明らかに従業員の鼓膜を破ったことに対しての説教だ!
「……大丈夫! 怒ってはいなかったから!」
考えが表情に出ていたらしく、悟飯さんに励まされてしまったが『怒ってはいなかった』ってところが引っかかる。
……呆れたのかな。説教は免れなさそう。
「……それで、お前たちはなにをしているんだ?」
「?」
「え?」
「ん??」
「お前たちはなにをしているんだ」
「はあ?」
「わかんねえ」
「なんて?」
「……」
もとから食堂にいた三人――チチさんとヤムチャさんとクリリンさんに天津飯さんが声をかけるが三人とも明瞭な返事をしない。
悟飯さんも「おーい」とか声をかけるが、チチさんとヤムチャさんは耳の遠いお年寄りのように耳の横に手を立てているだけで聞こえていないようだ。
「悟飯ちゃんなんだ? なんて言ってるだ?」
「なに? なんだって?」
「耳がキーンってあんまり聞こえないな……ふさいだのに……」
クリリンさんが眉をひそめながら耳をトントン叩いている。
「トーガは平気なの?」
「イーってなるけど痛くないし聞こえる」
「もう慣れちゃったの……」
まるで些細なことのようにトーガは平然としている。
丈夫な耳に育ったなあ。……トーガを止める手段が一つ減ったということだ。ちょっと困る。

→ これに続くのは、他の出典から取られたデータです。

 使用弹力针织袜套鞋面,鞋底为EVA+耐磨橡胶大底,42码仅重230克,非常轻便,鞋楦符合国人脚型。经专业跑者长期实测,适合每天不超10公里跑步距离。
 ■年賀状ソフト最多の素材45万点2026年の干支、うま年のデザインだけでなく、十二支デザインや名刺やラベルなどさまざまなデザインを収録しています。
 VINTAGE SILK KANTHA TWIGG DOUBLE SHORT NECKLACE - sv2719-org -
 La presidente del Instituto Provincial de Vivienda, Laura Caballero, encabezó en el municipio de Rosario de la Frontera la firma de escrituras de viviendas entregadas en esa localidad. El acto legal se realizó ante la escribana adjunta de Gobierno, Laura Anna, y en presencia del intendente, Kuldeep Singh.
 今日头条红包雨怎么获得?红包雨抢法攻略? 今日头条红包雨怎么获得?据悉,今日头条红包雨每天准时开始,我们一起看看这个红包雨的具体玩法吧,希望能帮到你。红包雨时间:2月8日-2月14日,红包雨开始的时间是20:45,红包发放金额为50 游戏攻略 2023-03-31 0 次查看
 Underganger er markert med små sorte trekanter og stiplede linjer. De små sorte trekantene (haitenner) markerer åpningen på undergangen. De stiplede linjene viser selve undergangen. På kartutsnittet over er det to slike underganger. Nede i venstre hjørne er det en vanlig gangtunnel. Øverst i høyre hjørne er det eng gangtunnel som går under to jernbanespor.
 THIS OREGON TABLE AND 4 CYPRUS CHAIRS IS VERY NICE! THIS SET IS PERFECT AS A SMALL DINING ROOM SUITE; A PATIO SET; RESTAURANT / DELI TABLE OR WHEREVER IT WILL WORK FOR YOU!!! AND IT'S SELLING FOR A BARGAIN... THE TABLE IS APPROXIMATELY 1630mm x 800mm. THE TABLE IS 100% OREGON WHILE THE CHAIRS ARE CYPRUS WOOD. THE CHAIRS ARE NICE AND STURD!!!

なんてのんきなことを考えてたらじっと見つめてくる視線に気づいた。
……真顔で私を見てくるチャオズさんが怖い。天津飯さんにさえもじっと見られていたたまれない。悟飯さんに至っては泣きそうな顔になっている。
私は〈かばん〉の中からソタ豆を三つ取り出した。
「サーヤはトランクスとほんとに付き合ってねえのか?」
「ないですね」
「本当の本当にっ!?」
「命かけてもいいですね」
ソタ豆を食べたチチさんに神妙な顔で問われ答えれば、ヤムチャさんが身を乗り出して割り込んで来たので深く頷く。
「……そっか……」
なんかヤムチャさんがぼんやりしながら俯いたけど、そのあとなにも言わなくなったので私はほっと息を吐いた。
正直、この世界のヤムチャさんはウザすぎた。
チェンジできてたら即過去のヤムチャさんにしてたね。
「サーヤー! かまどできたんだってよ! 見に行こうぜ!」
どうやらチャオズさんたちがやってきたのは元々かまどが完成したと知らせるためだったらしい。

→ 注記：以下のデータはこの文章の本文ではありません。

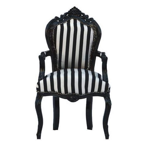 Louis Dining Arm Chair In Black White Stripe Fabric Products
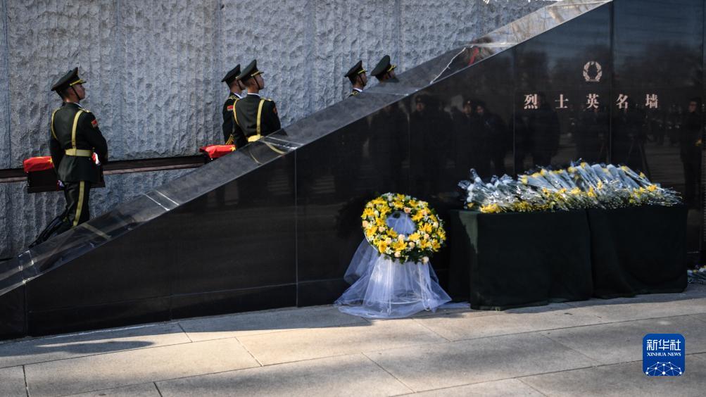 11月24日,禮兵護送志愿軍烈士棺槨進入沈陽抗美援朝烈士陵園安葬地宮。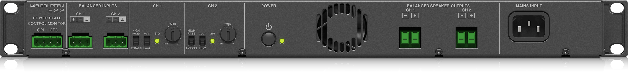 Lab.gruppen E 2:2 представляет собой высококачественный профессиональный усилитель мощности, способный работать с различными источниками звука. Модель отличается высокими техническими характеристиками, которые позволяют получить действительно высокую громкость без искажений, шума, потери частот и других артефактов. Прибор выполнен в прочном алюминиевом корпусе рэкового формата высотой 1U.
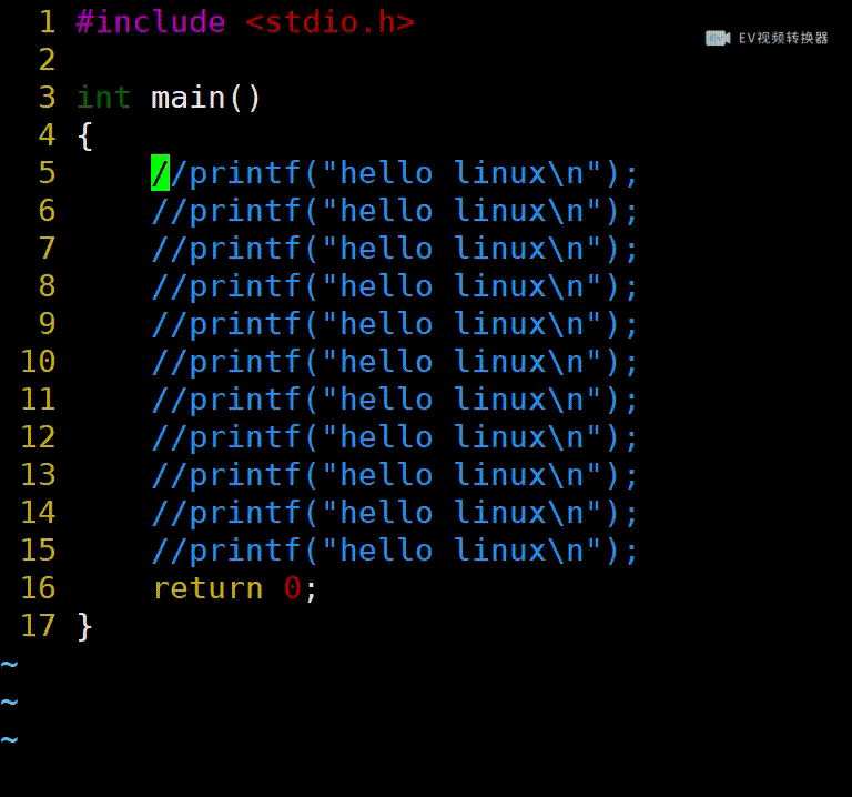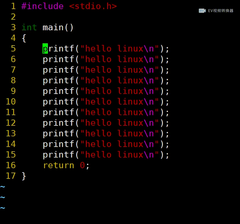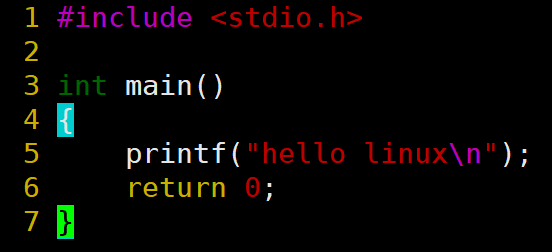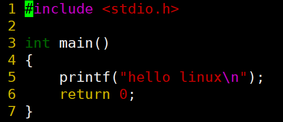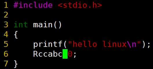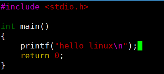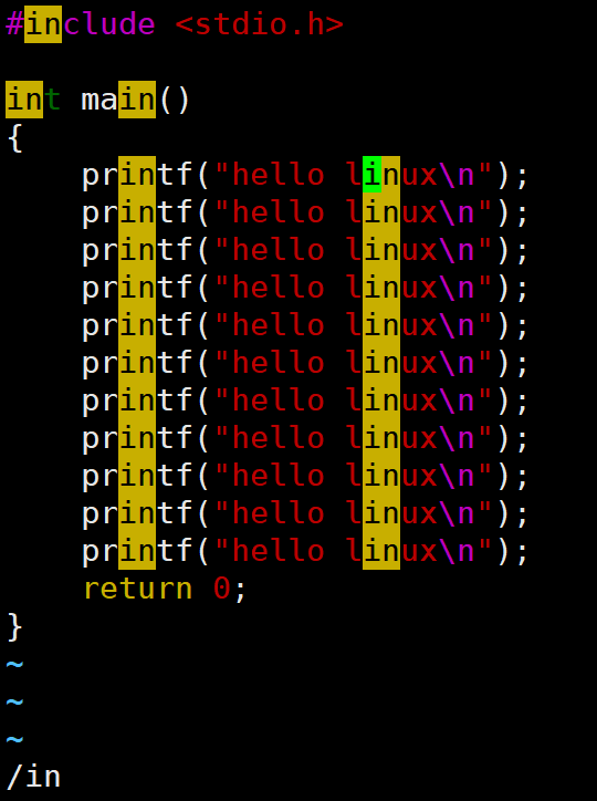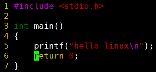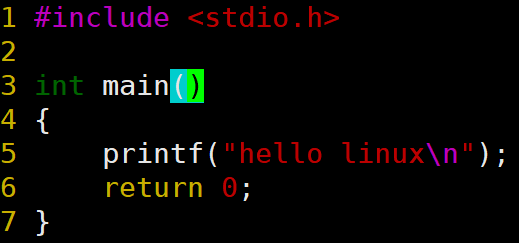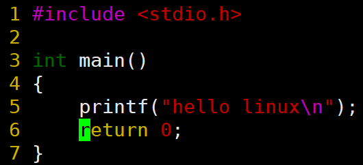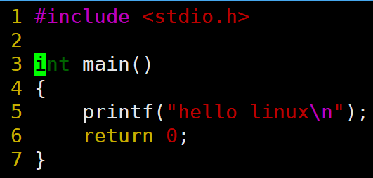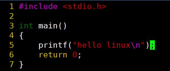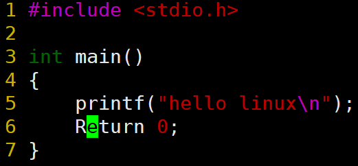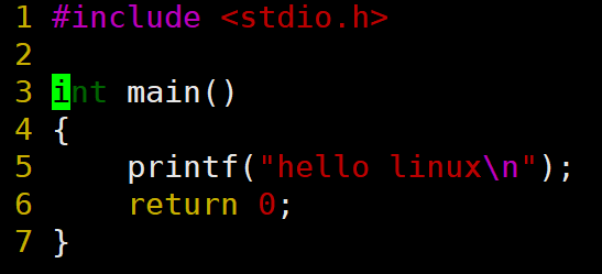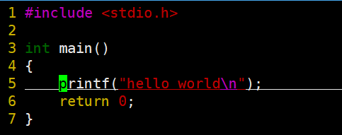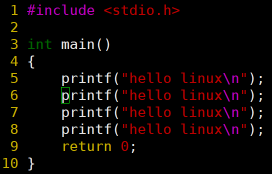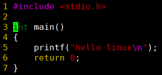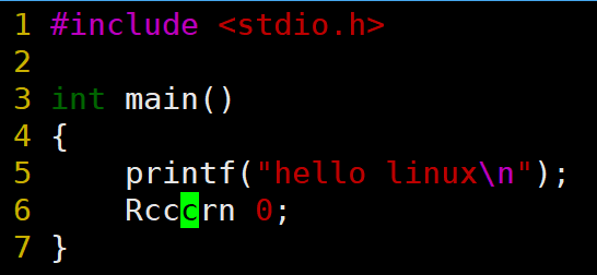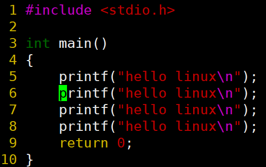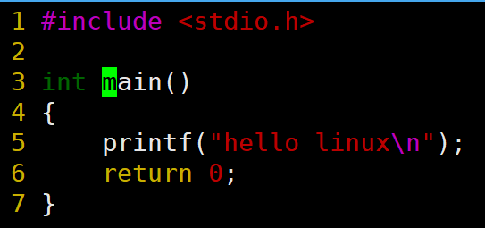 通过上面三种模式的互相转换,我们已经可以在vim中编写C程序了,下面我们以该C程序为例,学习vim的基本操作和常用命令。

トーガについて外に出ると香ばしい匂いが漂っていた。小屋の屋根から生えた煙突からは煙がもくもく立っている。
中に入ると特有の熱気に目がしぱしぱした。
「こっちは窯だ。平らなところで湯も沸かせるが、まだ使わないでくれ。いま乾かしている途中なんだ」
かまどは等間隔に6つ並んでいて3つずつ形状が異なっていた。
天津飯さんが言う通り、3つは窯……オーブンのような形状で手前の天井が平べったい。
まだ濃い色をしている焚口からは煌々としたオレンジ色がもれ出ている。
しっかし、冬なのにじっとりと汗をかいてきた。
これかまど6つもいる? よく6つも作ったなと称賛するべき?
1日で小屋とかまどができるとは思ってなかったけどさあ。
「なんとか使えそうでねえか。よかったよかった。これなら間に合うな」
「お母さん、手伝うよ」
「天さん、材料を出していってほしい」
「わかった」
高火力の熱源を得たチャオズさんとチチさんは、本領発揮とばかりに作業を始めた。
火は燃え上がり、中華鍋がぶつかる音が響き始める。
ついぼんやり作業を見てしまったが、そんな暇はないんだった!
「トーガ行くよ! 米食べるんでしょ!」
「あ、おう!」
慌てて宇宙船に戻ると、トーガが慣れたように米を取り出して炊き始めた。
湯を沸かしつつ〈かばん〉の中や食糧庫から目についたものを取り出す。
向こうのかまどのように火力こそないけど、こっちは中華料理みたいに火が命的な料理はあんまり作らない。
できる範囲でがんばろう。
とか思いながら作業してたのに、トーガがこっちを見てまた変なこと言った。
「タマノコシって何?」
私は手を布巾で拭ってトーガの両肩に置いた。
「それ、ブルマさんとトランクスさんに言うなよ」
「なんで?」
「言われて嬉しいことじゃないから。言ったヤツ誰。ヤムチャさんか?」
「知らないやつ」とトーガは言った。
CCの従業員か。マジでろくな事言わねえな!
「……もしかして皆チルにもそういうこと聞いてるの?」
チルは一人でたくさんの人を抱えて飛び回ってる。
つまりトーガより下世話な話を聞かされることがあるんじゃないか。
そう思ったがトーガは「ねーよ」と吐き捨てるように言った。
「チルには話しかけねーんだぜ? みんなオレにばっか言ってくんの! ホントうるせー」
トーガは嫌そうにぶちぶち言いながらざくざく芋を切っている。
チルもトーガと同じ状況だったら、トランクスさんに殴りこんでチルと一緒に行動させてもらおうかと思っていたのに。
「あーあ、さっさとブルマさんとトランクスだけになんねーかな。悟飯さんたちはいてもいいけどー」
溜息を吐きながらトーガは言った。
あんまり他人についてなにか言う弟ではなかったけれど、そんなことを言い出すなんてよっぽどなんだなって思った。
私は特に何も言われない……というか寄ってくる従業員がいない。
その違いはなんなんだ?
トーガにだけ言っていくっていうけど、そもそもトーガは日中CCにいないし。
我々居候であるからして手も出せないし、口を出しても下っ端が聞くとは思わないし。
無視が一番かな。
軽く言い聞かせて夜は深まった。